Les universités de Crimée sont représentées par différents types d'établissements d'enseignement, soit des universités proprement dites, des instituts et des académies de Crimée, pour lesquels il y a à la fois des frais de scolarité et une possibilité d'obtenir des bourses d'études. Ces écoles supérieures acceptent non seulement les Criméens, mais également les étrangers qui veulent y poursuivre des études. On y compte plus de 40 000 étudiants.

Les principaux établissements supérieurs sont les suivants:

- Institut d'État technologique maritime de Kertch (Керченский государственный морской технологический университет);
- Université d'ingénierie et d'éducation de Crimée (Крымский инженерно-педагогический университет);
- Université fédérale de Crimée de V.I. Vernadsky (Крымский федеральный университет имени В. И. Вернадского);
- Institut d'affaires de Crimée (Крымский институт бизнеса);
- Université de culture, d'art et de tourisme de Crimée (Крымский университет культуры, искусств и туризма);
- Université d'économie et de gestion (Университет экономики и управления);
- Institut de formation et de gestion des enseignants (une branche de l'Université fédérale de Crimée) Институт педагогического образования и менеджмента (филиал Крымского федерального университета);

Tous les cours se donnent en russe.
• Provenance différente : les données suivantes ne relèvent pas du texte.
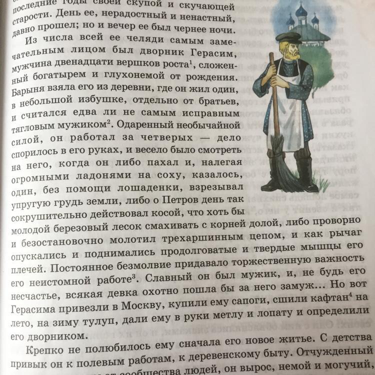 Герасим - бесправный крепостной крестьянин. Он страдает немотой, но такой недостаток не мешает его работе. Герасим неприхотлив и очень одинок. Пока он был в деревне, он с легкостью выполнял любую тяжелую работу: обрабатывал землю, собирал урожай. А когда пришлось переехать в город и взять метлу и лопату, чтобы выполнять обязанности дворника, он стал тосковать.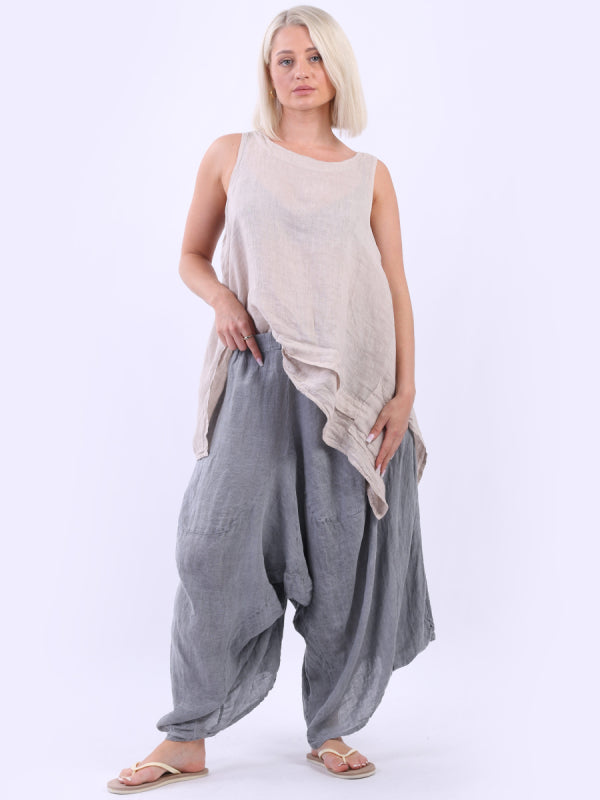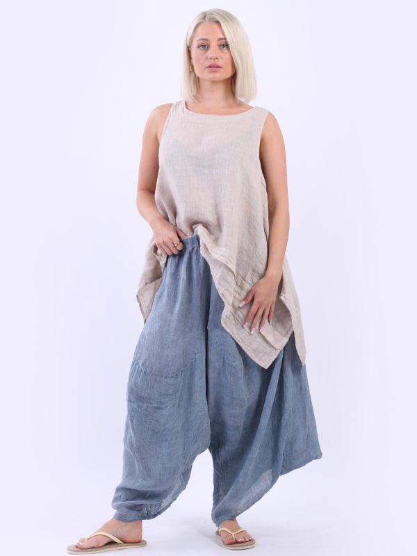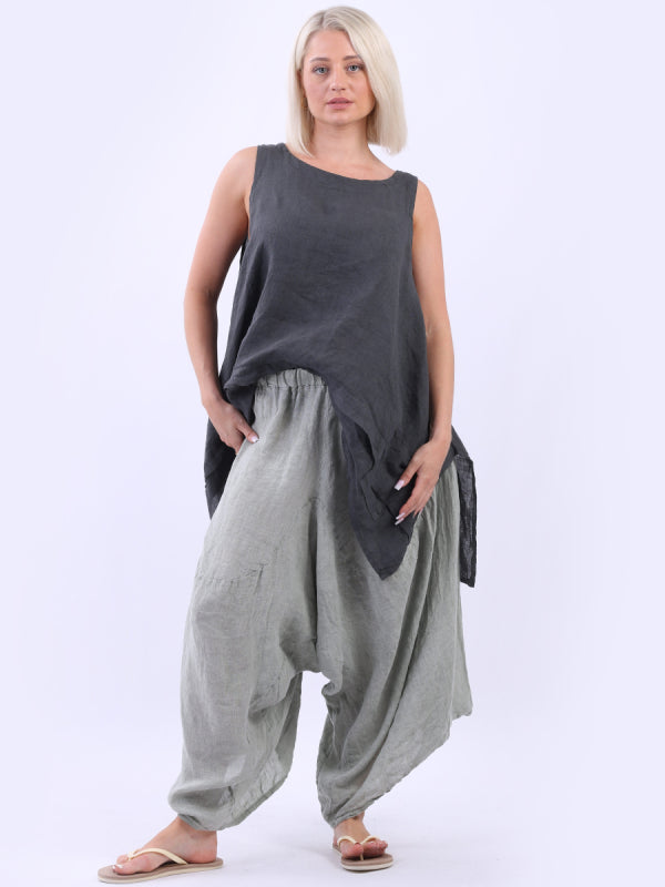 Made in Italy with exquisite tailoring that is iconic and chic these light weight trousers are straight from the fantasy book. Naturally breathable and cozy the harem trousers has elastic waist that is easy to pull on, wide leg finish and vintage wash style. Mix and match with tie and dye top from Women Clothing Store.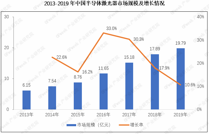2013年以來,我國光纖激光器市場規(guī)模逐年增長,CO2激光器市場被逐漸侵蝕,光纖激光器成為工業(yè)激光器最大產(chǎn)品結(jié)構(gòu),作為光纖激光器泵浦半導(dǎo)體激光器市場規(guī)模快速擴(kuò)大,2015年、2016年、2017年是我國半導(dǎo)體激光飛速發(fā)展的3年,2017年以后,由于部分光纖激光器龍頭廠商開始大批量單獨(dú)生產(chǎn)LD器件、LD芯片,減少了對半導(dǎo)體激光器泵浦采購。加之國內(nèi)宏觀經(jīng)濟(jì)發(fā)展壓力加大,國際貿(mào)易摩擦不斷,半導(dǎo)體激光器市場增速大幅放緩,到2019年,我國半導(dǎo)體激光器市場規(guī)模為19.79億元,同比增長10.6%,2013-2019年年復(fù)合增長率達(dá)到18.17%。

Vers la fin de 2014, l'ukrainien en tant que langue d'enseignement avait été retiré de l'enseignement universitaire.

4.4 L'enseignement des langues étrangères

L'’apprentissage d’une langue étrangère s'applique sur les exigences de la jurisprudence de l’État fédéral russe. Selon le ministère criméen de l'Éducation, l'anglais est maintenant enseigné comme langue étrangère dans les 540 écoles de Crimée. À partir de septembre 2015, au moins 20% des écoles devaient ajouter une deuxième langue étrangère. Pour l'année scolaire 2018-2019, la deuxième langue étrangère devait commencer à être enseignée aux élèves de cinquième année du primaire.
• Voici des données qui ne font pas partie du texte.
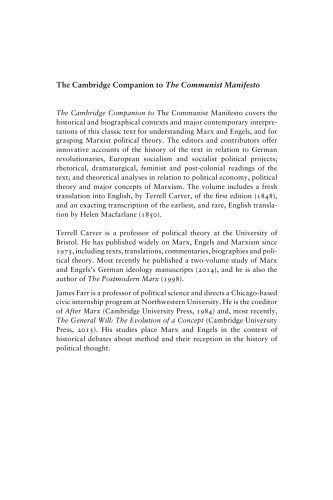 همراه کمبریج برای مانیفست کمونیست، زمینه های تاریخی و بیوگرافی و تفاسیر عمده معاصر این متن کلاسیک را برای درک مارکس و انگلس، و برای درک نظریه سیاسی مارکسیستی پوشش می دهد. ویراستاران و همکاران گزارش های بدیع از تاریخ متن در رابطه با انقلابیون آلمان، سوسیالیسم اروپایی، و پروژه های سیاسی سوسیالیستی ارائه می دهند. خوانش بلاغی، دراماتورژیک، فمینیستی و پسااستعماری متن؛ و تحلیل های نظری در رابطه با اقتصاد سیاسی، نظریه سیاسی و مفاهیم عمده مارکسیسم. این جلد شامل یک ترجمه جدید به انگلیسی، توسط ترل کارور، از اولین نسخه (1848) و یک رونویسی دقیق از نادرترین ترجمه انگلیسی (1850) توسط هلن مک فارلین است.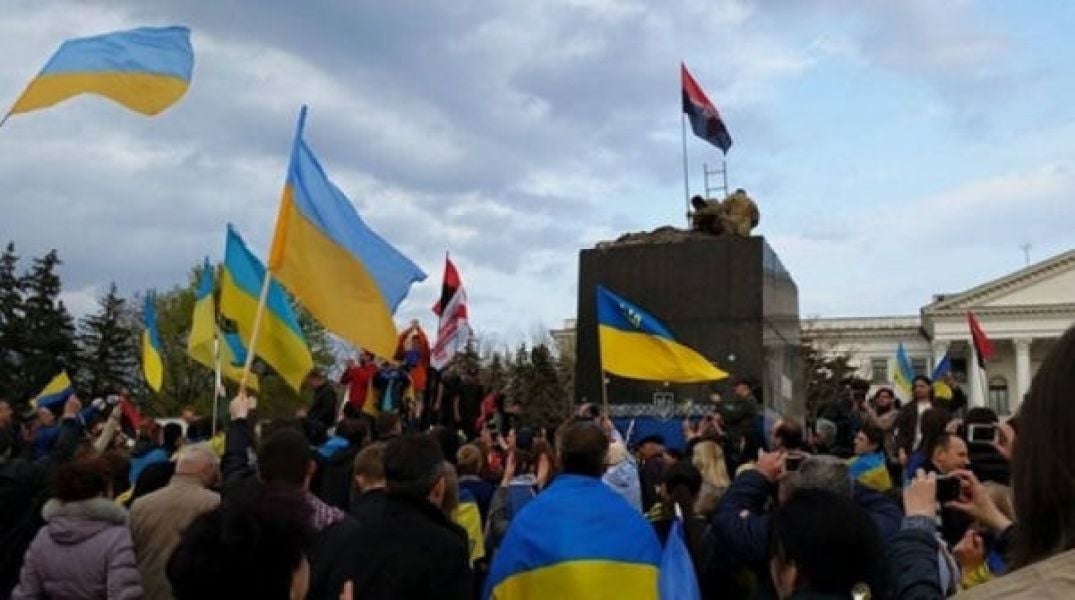 Свержение памятника состоялось за несколько минут. На центральной площади собралось около тысячи человек по случаю годовщины последнего проведенного проукраинского митинга в городе в прошлом году.

Évidemment, l'introduction d'une deuxième langue étrangère dans les écoles de Crimée apparaît quelque peu cynique dans la mesure où les langues tatare et ukrainienne qui devraient constituer des choix importants se battent pour leur survie dans le domaine de l'éducation. Or, les langues étrangères choisies sont le français, l'allemand et le chinois.

En réalité, la Russie a déclaré la guerre à l’éducation dans les langues autochtones de Crimée. Il n'est pas obligatoire d'apprendre une langue maternelle autre que le russe en Crimée. Cette indécente situation crée des conditions qui rendent presque impossible l'étude en langue tatare de Crimée et en ukrainien, soit comme langue maternelle, soit comme langue seconde. Rappelons que, au moment du choix d'une langue d'enseignement, les parents sont soumis à des pressions morales ou administratives de la part de la direction d'école ou de leurs employeurs. Ils ne doivent pas indiquer l'ukrainien comme langue d'enseignement. Il importe également de souligner que les Ukrainiens sont étiquetés à maintes reprises comme des «ennemis», avec le résultat que les ukrainophones ont peur de manifester tant soit peu leur identité ukrainienne dans le choix de la langue d'enseignement.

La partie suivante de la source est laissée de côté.